As Gryd3 says, you can't use the signal itself to power the LED - there's not enough energy, for a start. So some kind of battery
would be needed, and that will determine the minimum size.
Assuming you have a power source, electrically you can distinguish three states for a guitar cable: (1) not plugged into a guitar, (2) plugged into a guitar with no signal, and (3) plugged into a guitar with signal. These states could be displayed with a multi-colour LED.
This assumes that the guitars have a DC path. They normally do, but it's possible for an active or passive guitar or bass to include a DC blocking capacitor in series with the output. I haven't seen this, but I haven't seen inside that many instruments. In this case the guitar's presence couldn't be detected unless the guitar was modified. The signal could be, though.
Circuitry to do this could be made fairly small, but not small enough to fit into a plug. Even if tiny SMT (surface-mount technology) components were used, on a tiny, thin circuit board, the battery would be too big.
So you could make a small box that you could plug cables into, but that's not quick and convenient. You could make a number of small boxes that connect in-line with cables. The problem then becomes battery lifespan.

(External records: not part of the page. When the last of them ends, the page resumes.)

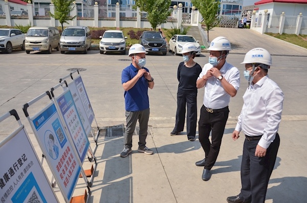 刘庆(右一)到武汉博宏中南科研设计中心建设项目检查防疫工作
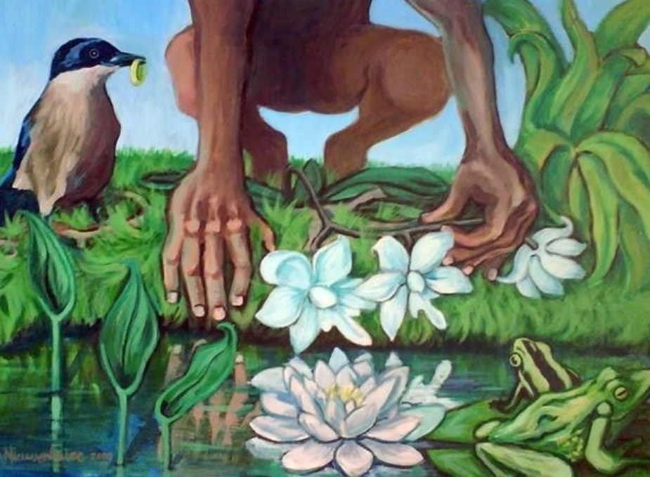 Waterkant met hurkend figuur, orchidee, kikkers, vogel en waterlelie.
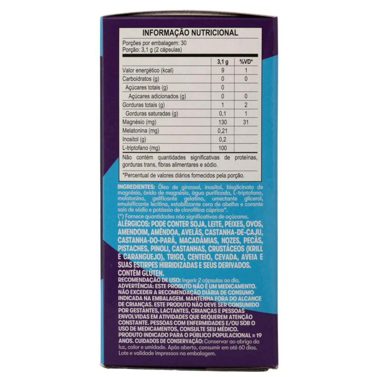 Óleo de girassol, inositol, bisglicinato de magnésio, óxido de magnésio, água purificada, L-triptofano, melatonina, gelificante gelatina, umectante glicerol, emulsificante lecitina, estabilizante cera de abelha e corante sais de sódio e potássio de clorofilina cúprica.
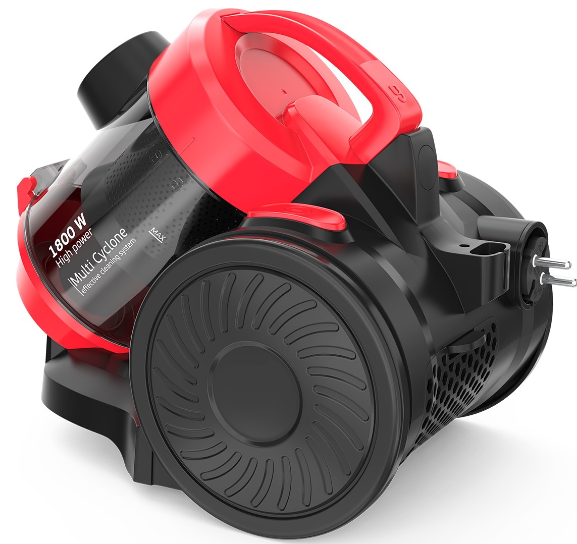 Пылесос имеет компактные размеры — 34х26х19,5 см, что облегчает его хранение и транспортировку. Вес устройства составляет 4,7 кг, позволяя легко маневрировать во время уборки. Вертикальная парковка позволяет закрепить пылесос в устойчивом положении без дополнительной поддержки. Корпус выполнен из пластика красного цвета, что делает внешний вид ярким и стильным, при этом обеспечивает лёгкость.
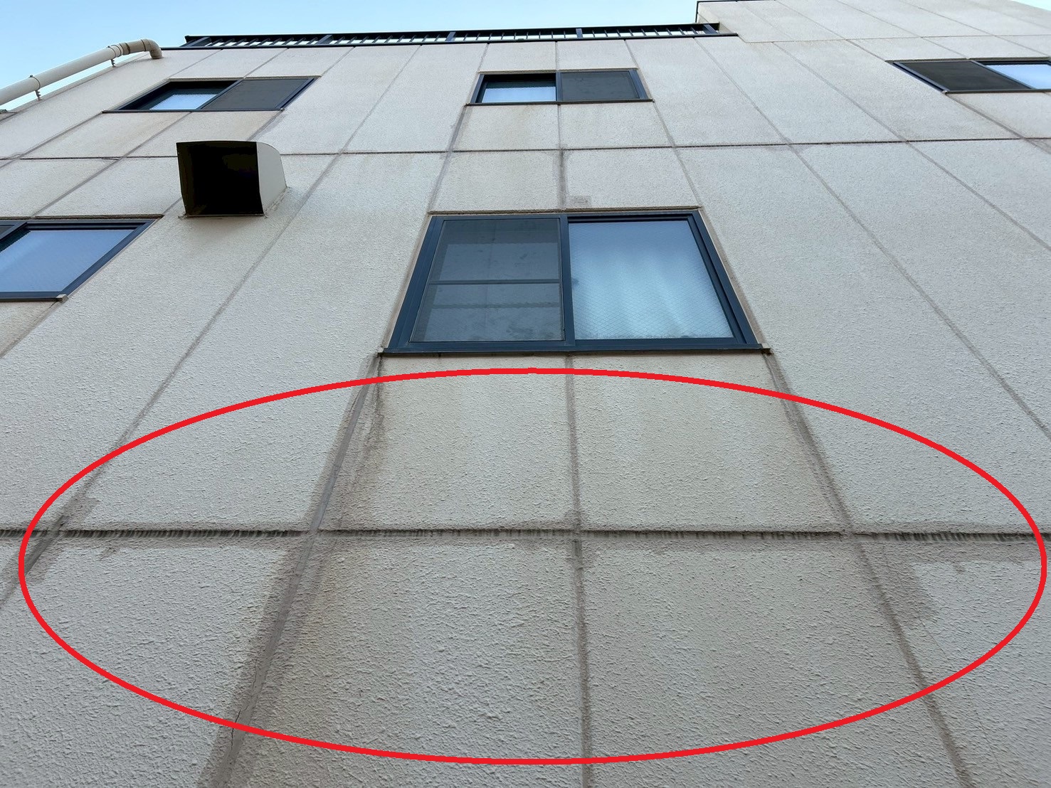 こちらの写真の目地の色が変わっている部分はコーキングが切れて内部に水が回っている可能性が高い箇所です
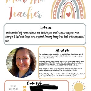 All About Me Teacher Template Meet the Teacher Template All Etsy
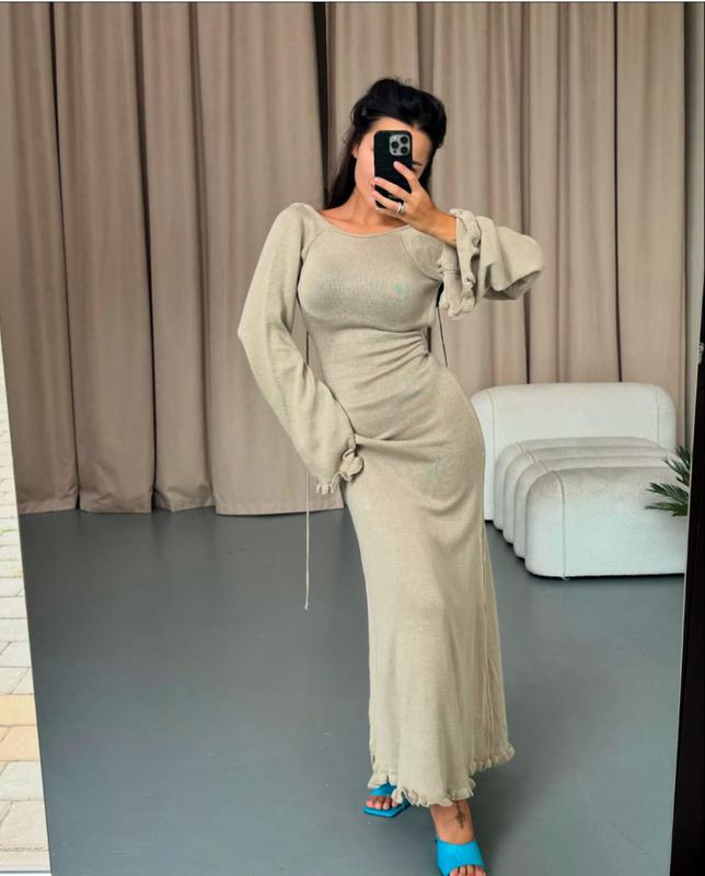 В’язана сукня максі з вирізом на спині — це витончене поєднання романтики й елегантності. Така сукня чудово підкреслює жіночність, додаючи образу легкості й грації.Модель має облягаючий верхній силует, який плавно переходить у розширений низ. Виріз на спині додає моделі спокусливості, створюючи витончений акцент. Зав'язується сукня ззаду на шнурівки. Довгі кльошні рукави надають образу нотку драматичності, а манжети з рюшами додають м’якості й романтичного шарму.
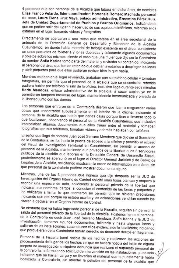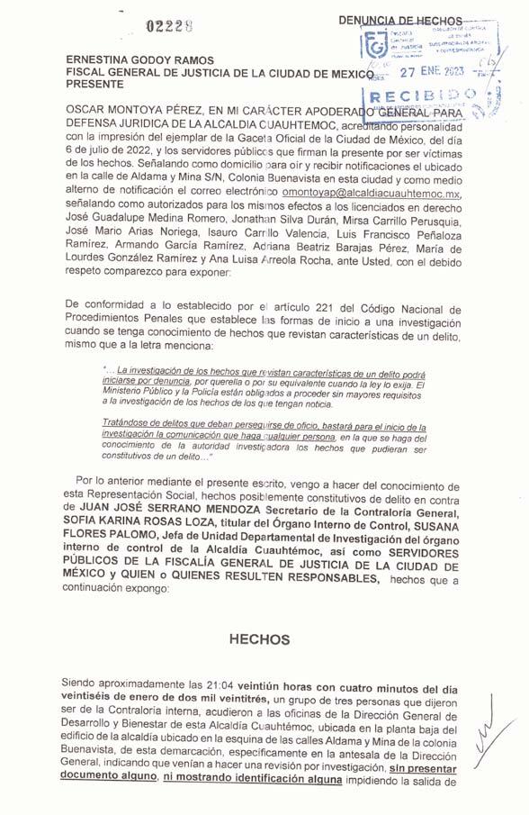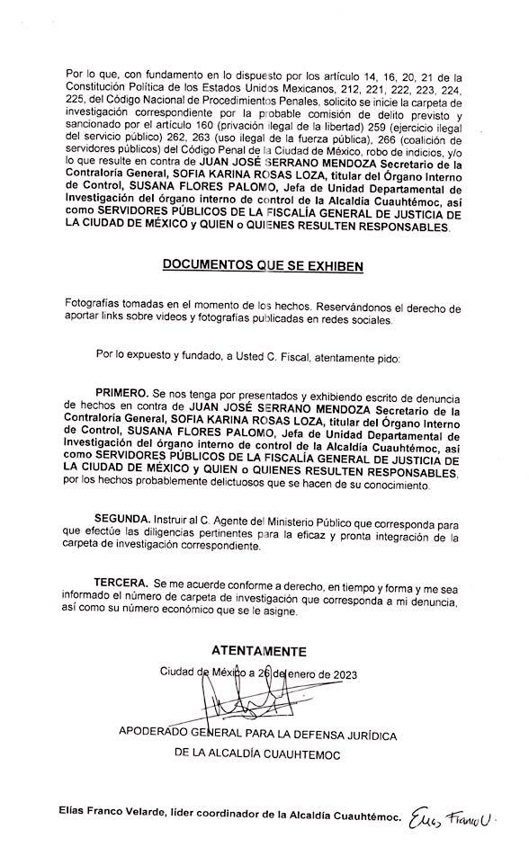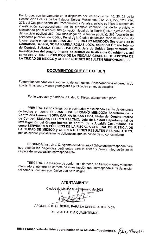 Por la tarde,el apoderado general de la alcaldía Cuauhtémoc, Óscar Montoya Pérez,presentó una denuncia de hechos ante la Fiscalía General de Justicia de la Ciudad de México por lo ocurrido al interior de la citada alcaldía.
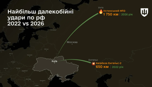 Дрони вже б’ють на 1 750 кілометрів: Україна в 2,5 раза збільшила дальність deep strike по Росії Інфографіка 28.04.2026 13:21 Укрінформ Українські далекобійні засоби здатні уразити військові об'єкти в тилу Росії на відстані близько 1 750 км, з 2022 року дальність зросла у понад 2,5 раза.
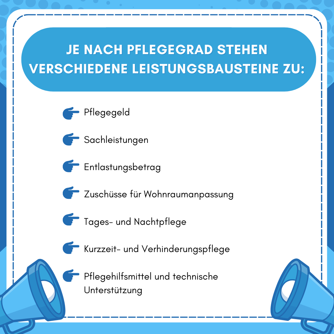 - Finanzielle Hilfen wie monatliches Pflegegeld.

The monitoring circuit can be designed to consume very little current when the cable is not plugged in, so you could use, say, a 3V CR2032 button cell and it might need replacing every few months or after every ten gigs.
(Re Adam's suggestion: parasite power is not used with guitars, but a monitoring feature like you want could be built into a DI box.)
Edit: I meant to say "phantom power" not "parasite power" there!
Feel free to tell us more about what you want.